April 2024 Progress Update


April 2024 Update - New Village Sections, Randomization, and Jumping!

Hello once again. I'm happy to report that progress felt pretty solid this month, with lots of additions and improvements made on both the village as a whole, as well as the player's interactivity with the world.

As a reminder, subscribing as a premium patron will not charge you until the release of the first playable milestone build, which is still at least a few months out. An announcement will be made when a release date has been selected.

Onto the updates!

New Areas of the Village to Explore

Last month I had reached the important milestone of villages successfully generating, and gave them just two acres to be randomly placed around. In this update, I'm pleased with the addition of five additional acres being thrown into the mix, and you can see them all below:

I've developed some new tools that have really helped speed up designing these things, and I'll get into more details about them soon. But hopefully with this overhead view you can really start to imagine how these villages will stitch themselves together. My idea is to make every acre of land stand out enough that you could navigate around your village by the sites alone. Some of these landmarks are more obvious than others: things like the train station, or the overgrown cottage in the bottom left corner. But even the "filler" acres are being designed to include at least one entirely unique landmark.

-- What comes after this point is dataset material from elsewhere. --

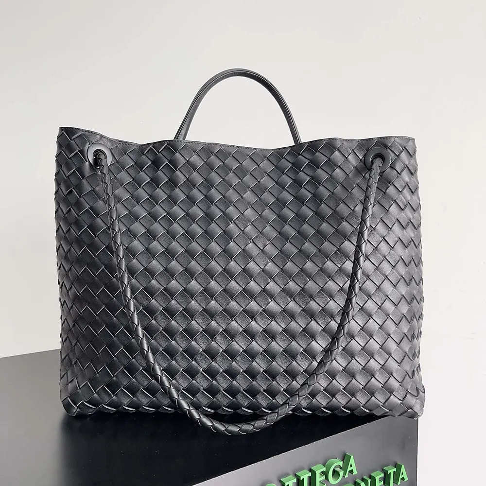 - Large Intrecciato leather top handle bag with sliding cross-body strap

A lot of new assets were designed for this update in general, including fences, rocks, flora, and structures.

Macro and Micro Randomization

There's this really cool little trick The Legend of Zelda: Majora's Mask (one of my favorite games) pulls: the position of the stars in the night sky are randomized for each player, based on the name of their save file. So when you look up in Clock Town, your sky will literally be different than the one I see; even at the same time of night. It's super subtle, but I've always loved that little hint of personalization to a game's world. Like a universe you've discovered yourself.

I've already talked about how Tales From the Herd's villages randomly cobble themselves together from a 'pool' of puzzle piece-like acres of land – e.g, train track acres can go into other train tracks, rivers into rivers, etc., but another step I've taken towards truly unique villages is randomizing them on micro level as well. That is, when I place an oak tree down in my editor, it will share its appearance with every other oak tree in the village. However when you actually visit the village, all of those trees, bushes, stones, and more will have their colors and appearances randomized based on your village's seed. Actually... it's based on an equation that combines the seed with the object's position, but the details don't really matter; what matters is that even if your village somehow randomly assembles itself in the same exact order as another (extremely unlikely), it will still technically be unique in appearance.

Jumping / Falling 

I started this last month, and was honestly surprised at how smoothly things seemed to go. But BOY did I underestimate what a pain jumping would be.

Without getting too lost in the details, the main issue is that I had originally programmed "falling" to measure itself by the distance an object moves down on the Y axis while not grounded. So you walk off a ledge, become not grounded, are pushed downward, and then your descent is measured by the distance you travel along the Y axis. Seemed to make sense at the time.

Well one huge issue I overlooked is that "falling" isn't the only thing that moves the player around on the Y axis; in fact, they move around the Y axis all the time by pressing W and S on the keyboard. So what was happening was that moving North and South in the game world was actually being interpreted as "falling" up and down respectively. So jumping North would greatly extend the character's jump, and jumping South would cut it short because of the momentum they already carried in that direction. You have to remember, I've built this game to be truly 2D, so to the code walking and "falling" down on the Y axis mean the exact same thing.

Well it did, anyway. I can say now however that ponies are free to jump along to their heart's content in any direction, and their journey in the air will be the same length of time regardless. This stuff can still be a little finicky near walls, so I'm sure I'll be spending more time on it next month. But it's nice to be able to hop up onto the bench with Cooper and have a more natural conversation with him now.

And don't even get me STARTED on how difficult it was to make characters' drop shadows track beneath them during jumps...

Random

Obviously I'm trimming the fat a bit on these updates, there were of course a handful of new bugs and optimizations I've made. Also, this is only somewhat related to the game, but I finally got around to drawing the big tree library during Summer time:

This was a fun project I've worked on over the years, where I'd draw this location in each of the four seasons. All of them can be found on social media.

Coming Up... 

More acres are coming to the village naturally, with additional assets and things to explore (and climb on, now). To stop myself from spending another 8 months on this stuff, I think the villages in Milestone Build 1 will be roughly half the size of those at launch, but they'll still be plenty to see. As mentioned, jumping and gravity still needs some polish, and I think I'd start to look at bringing crawling and sliding into the mix. I guess ultimately we'll see!